Significant survival benefit observed in women with HER2 negative breast cancer
Data from a pooled analysis presented recently at the 50th Annual Meeting of the American Society of Clinical Oncology (ASCO) provides further evidence that Halaven (eribulin) improves overall survival (OS) in women with advanced breast cancer compared with other
standard therapies.
In particular, a significant OS benefit was observed in women with human epidermal growth-factor receptor-2 (HER2) negative breast cancer, a subtype that affects an estimated 85% of women with breast cancer.
This OS benefit was also seen in people with triple negative breast cancer (TNBC), but not in women with HER2 positive breast cancer. There were no noticeable differences in the tolerability and safety data previously shown in the EMBRACE and 301 studies.
Dr Chris Twelves, Professor of Clinical Cancer Pharmacology and Oncology and Honorary Consultant in Medical Oncology at the University of Leeds and St James’s Institute of Oncology, said: “Eribulin remains the only single agent chemotherapy proven to improve significantly overall survival in women with advanced breast cancer after either adjuvant or metastatic anthracycline and taxane treatment. These new data clearly confirm that women with advanced breast cancer benefit from eribulin. The overall survival benefit that was observed in HER2 negative and triple negative breast cancer patients is particularly interesting as very often these patients are underserved with few effective treatment options.”
The pooled analysis examined data from two pivotal Phase III studies of more than 1,800 women; EMBRACE (Eisai Metastatic Breast Cancer Study Assessing Treatment of Physician’s Choice Versus Eribulin) and study 301. The objective of the analysis, requested by the European Medicines Agency (EMA), was to assess OS in the overall intent to treat (ITT) population and in subgroups based on HER2 and hormone receptor status.
Eribulin is a non-taxane, microtubule dynamics inhibitor currently indicated for the treatment of people with breast cancer who have previously received at least two chemotherapeutic regimens for metastatic disease and whose prior therapy should have included an anthracycline and a taxane. Eribulin belongs to a class of antineoplastic agents, the halichondrins, which are natural products, isolated from the marine sponge Halichondria okadai. It is believed to work by inhibiting the growth phase of microtubule dynamics which prevents cell division.
HER2 is a protein that is found on the surface of cells.

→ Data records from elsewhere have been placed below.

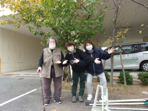 と、言うことで「落ち葉かき集め隊」を発足!!早速入居者様と一緒に清掃しました。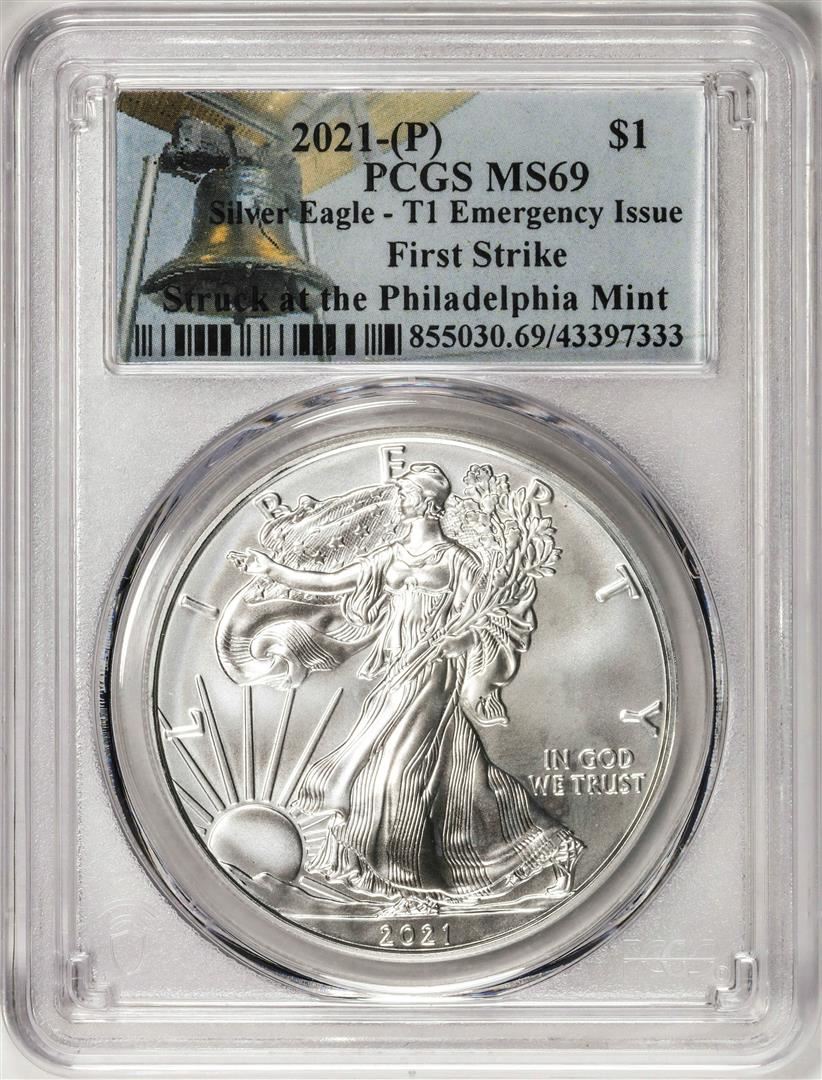 2021-(P) Type 1 $1 American Silver Eagle Coin PCGS MS69 First Strike Emergency Issue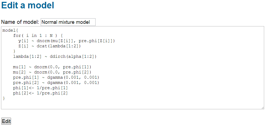 Edit a model (Edit)To edit a model, click the name of the model to see the screen shown below. Then, one can change the name of the model and the jags code for the model. Click the button Edit once finishing edits.

In HER2-positive breast cancer there is more (over expression) of this protein found on the surface of tumour cells compared with normal breast cells. This protein can be targeted with HER2 targeted therapies such as Herceptin, in people who overexpress HER2, but not in people with normal levels of HER2 protein (HER2-negative) breast cancer. Breast cancers are routinely tested for the presence of HER2 to decide the most appropriate treatment. Triple-negative breast cancer (TNBC) refers to any breast cancer that does not express the genes for oestrogen receptor, progesterone receptor and HER2.


RESONATE study indicates ibrutinib yields lasting tumour responses
Early findings from the phase III RESONATE study, presented at ASCO, indicate that ibrutinib yields lasting tumor responses and marked improvement in survival over standard ofatumumab for patients with relapsed chronic lymphocytic leukemia (CLL). This is the first time an oral drug has demonstrated a survival improvement over standard therapy in relapsed CLL. Just as important, the therapy was well tolerated by patients, causing few serious side effects.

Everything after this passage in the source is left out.